**The problem:**
Your answer must be the full listing, reproduced exactly, minus any pictures.
==== Stored data ====
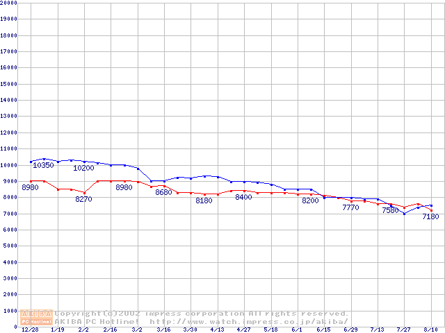 | [↑前グラフ]: | WD Caviar (5400rpm,UltraATA/100)の最安値推移 |
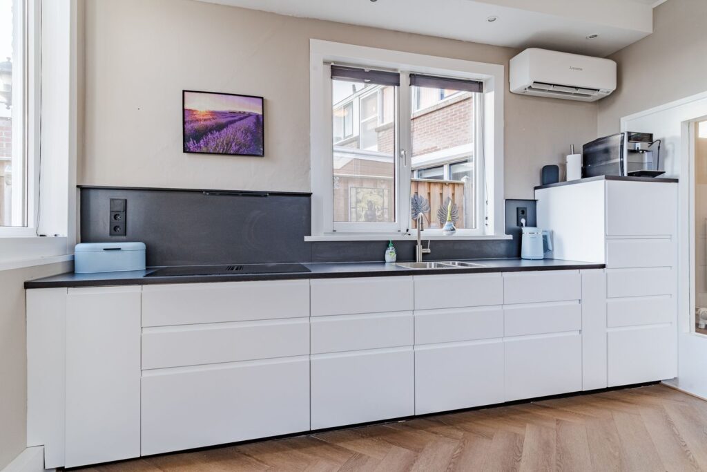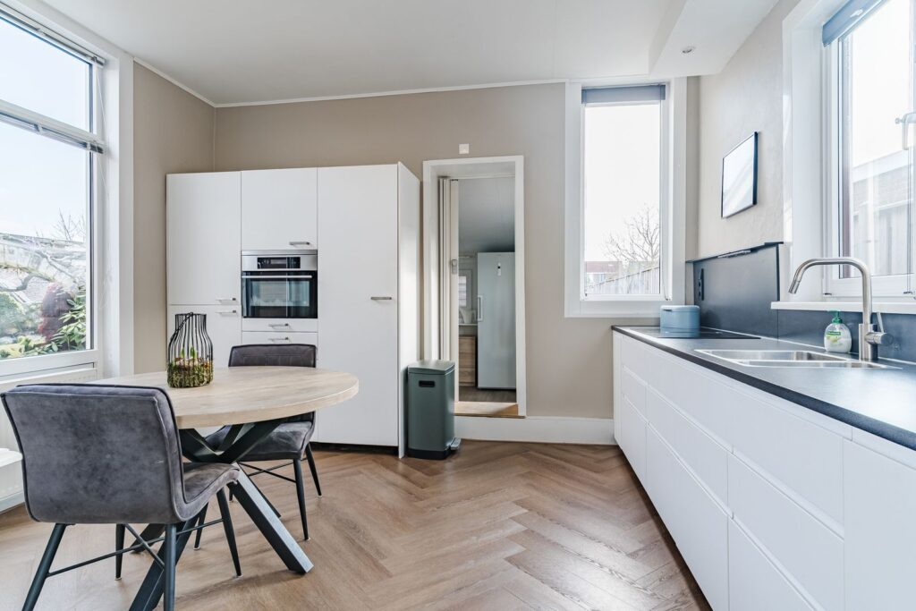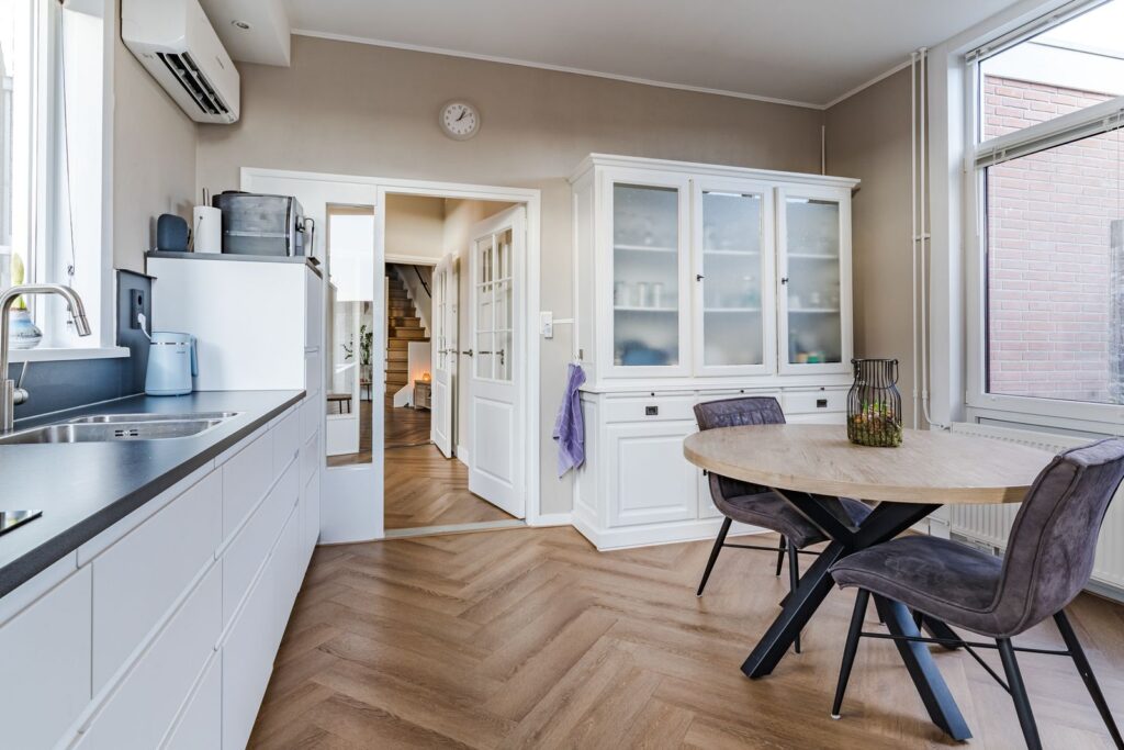 De keuken is gelegen aan de achterzijde en is uitgevoerd met nieuwe keukenopstellingen (2022) aan de zijkant van de keuken en een opstelling tegen de achterzijde. De uitrusting bestaat uit een 1,5 spoelbak, 4-pits inductiekookplaat met geïntegreerde afzuiging, combi-oven, koelkast en een vaatwasmachine. Aanwezigheid is een airco-unit en kunststof kozijnen met HR++ glas en horren.
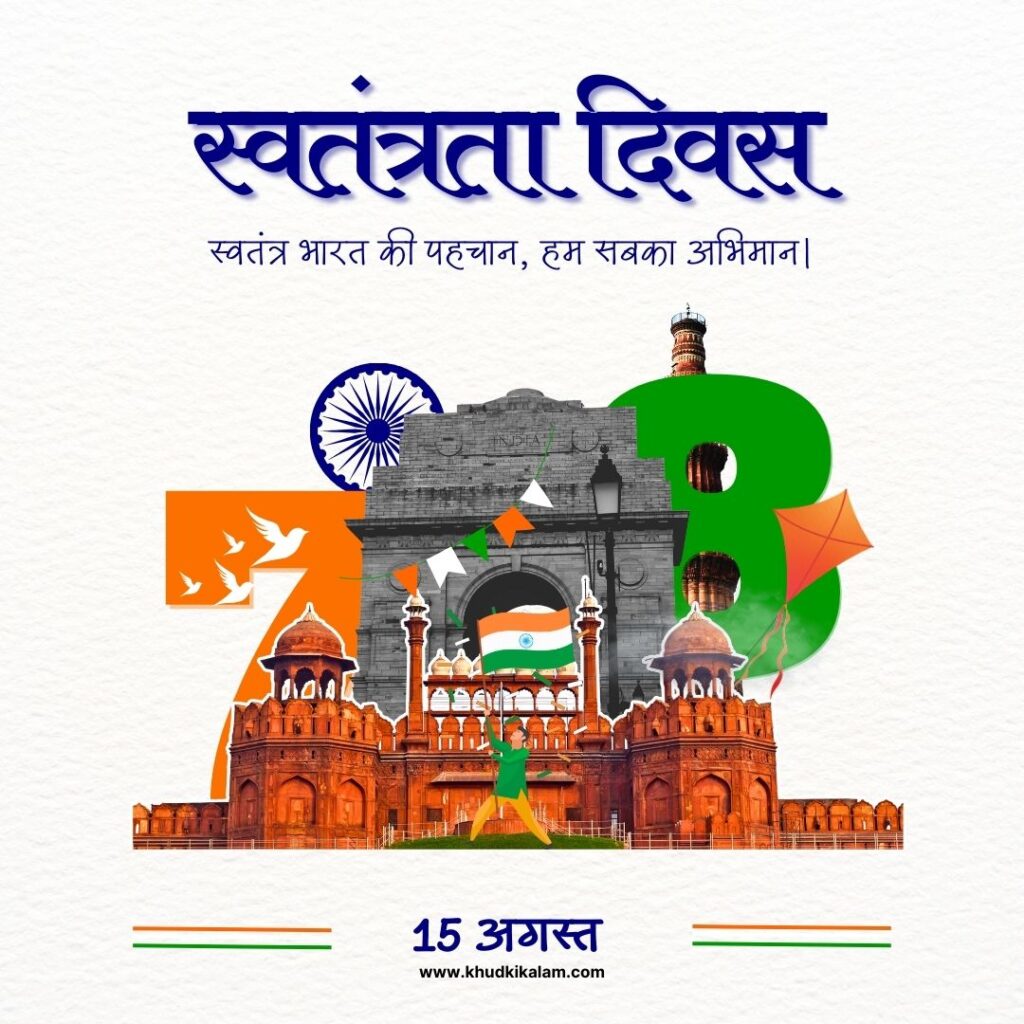 15 अगस्त का दिन सम्पूर्ण भारत वाशियो के लिए एक गौरव का दिन माना जाता है , हर वर्ष की आने वाली 15 अगस्त (15 august ) को सम्पूर्ण भारत में बड़े जश्न के साथ स्वतंत्रता ( आजादी ) के दिन को मनाया जाता है , वर्ष 1947 की 15 अगस्त को आधिकारिक तोर पर भारत ने आजादी हासिल की थी उसी दिन से आज तक लगातार इस वर्व को मनाया जाता है , और स्वतंत्रता या आजादी दिलाने में जो बलिदान हुए , जिस ने वतन के लिए अपने प्राण त्याग दिए उन आजादी के दीवानो , स्वतंत्रता सेनानियों को याद किया जाता है एक दूसरे को आजादी की या स्वतंत्रता दिवस की शुभकामना संदेश in Hindi में दी जाती है , देश भर में इस दिन स्कुल , कॉलेज , और सार्वजानिक संस्थानों में सेलिब्रेशन किया जाता है ऐसे सांस्कृतिक प्रोग्राम का रूप दिया गया है प्रोग्राम में स्वतंत्रता दिवस पर कविता शायरी , नाटक आधी कलाओ के साथ शौर्य सक्ति का प्रदर्शन भी किया जाता है ,
====
**Exercise answer:**
 | [↑前グラフ]: | WD Caviar (5400rpm,UltraATA/100)の最安値推移 |
 De keuken is gelegen aan de achterzijde en is uitgevoerd met nieuwe keukenopstellingen (2022) aan de zijkant van de keuken en een opstelling tegen de achterzijde. De uitrusting bestaat uit een 1,5 spoelbak, 4-pits inductiekookplaat met geïntegreerde afzuiging, combi-oven, koelkast en een vaatwasmachine. Aanwezigheid is een airco-unit en kunststof kozijnen met HR++ glas en horren.
 15 अगस्त का दिन सम्पूर्ण भारत वाशियो के लिए एक गौरव का दिन माना जाता है , हर वर्ष की आने वाली 15 अगस्त (15 august ) को सम्पूर्ण भारत में बड़े जश्न के साथ स्वतंत्रता ( आजादी ) के दिन को मनाया जाता है , वर्ष 1947 की 15 अगस्त को आधिकारिक तोर पर भारत ने आजादी हासिल की थी उसी दिन से आज तक लगातार इस वर्व को मनाया जाता है , और स्वतंत्रता या आजादी दिलाने में जो बलिदान हुए , जिस ने वतन के लिए अपने प्राण त्याग दिए उन आजादी के दीवानो , स्वतंत्रता सेनानियों को याद किया जाता है एक दूसरे को आजादी की या स्वतंत्रता दिवस की शुभकामना संदेश in Hindi में दी जाती है , देश भर में इस दिन स्कुल , कॉलेज , और सार्वजानिक संस्थानों में सेलिब्रेशन किया जाता है ऐसे सांस्कृतिक प्रोग्राम का रूप दिया गया है प्रोग्राम में स्वतंत्रता दिवस पर कविता शायरी , नाटक आधी कलाओ के साथ शौर्य सक्ति का प्रदर्शन भी किया जाता है ,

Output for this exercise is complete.